Yes, we can build AI software to do these tasks. For example, after a lot of customization work, one of my teams now has a decent AI resumé screener. But the point is it took a lot of customization.

Even though LLMs can handle a much more general set of tasks than previous iterations of AI technology, compared to what humans can do, they are still highly specialized. They’re much better at working with text than other modalities, still require lots of custom engineering to get it the right context for a particular application, and we have few tools — and only inefficient ones — for getting our systems to learn from feedback and repeated exposure to a specific task (such as screening resumés for a particular role).

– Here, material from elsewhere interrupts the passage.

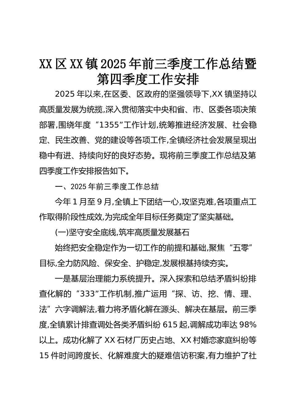 XX區(qū)XX鎮(zhèn)2025年前三季度工作總結(jié)暨第四季度工作安排2025年以來,在區(qū)委、區(qū)政府的堅(jiān)強(qiáng)領(lǐng)導(dǎo)下,XX鎮(zhèn)堅(jiān)持以高質(zhì)量發(fā)展為統(tǒng)攬,深入貫徹落實(shí)中央和省、市、區(qū)委各項(xiàng)決策部署,圍繞年度“1355”工作計(jì)劃,統(tǒng)籌推進(jìn)經(jīng)濟(jì)發(fā)展、社會穩(wěn)定、民生改善、黨的建設(shè)等各項(xiàng)工作,全鎮(zhèn)經(jīng)濟(jì)社會發(fā)展呈現(xiàn)出穩(wěn)中有進(jìn)、持續(xù)向好的良好態(tài)勢?,F(xiàn)將前三季度工作總結(jié)及第四季度工作安排報(bào)告如下。一、2025年前三季度工作總結(jié)今年1月至9月,全鎮(zhèn)上下團(tuán)結(jié)一心,攻堅(jiān)克難,各項(xiàng)重點(diǎn)工作取得階段性成效,為完成全年目標(biāo)任務(wù)奠定了堅(jiān)實(shí)基礎(chǔ)。(一)堅(jiān)守安全底線,筑牢高質(zhì)量發(fā)展基石始終把安全穩(wěn)定作為一切工作的前...

AI has stark limitations, and despite rapid improvements, it will remain limited compared to humans for a long time.

AI is amazing, but it has unfortunately been hyped up to be even more amazing than it is. A pernicious aspect of hype is that it often contains an element of truth, but not to the degree of the hype. This makes it difficult for nontechnical people to discern where the truth really is. Modern AI is a general purpose technology that is enabling many applications, but AI that can do any intellectual tasks that a human can (a popular definition for AGI) is still decades away or longer. This nuanced message that AI is general, but not that general, often is lost in the noise of today's media environment.

Similarly, the progress of frontier models is amazing! But not so amazing that they’ll be able to do everything under the sun without a lot of customization. I know VC investors who are scared to invest in application-layer startups because they are worried that frontier AI model companies will quickly wipe out all of these businesses by improving their models. While some thin wrappers around LLMs no doubt will be replaced, there also remains a huge set of valuable applications that the current trajectory of progress of frontier models won’t displace for a long time.

Without accurate information about the current state of AI and how it is likely to progress, some young people will decide not to enter AI because they think AGI leaves them no meaningful role, or decide not to learn how to code because they fear AI will automate it — right when it is the best time ever to join our field.

Let us all keep working to get to a precise understanding of what’s actually possible, and keep building!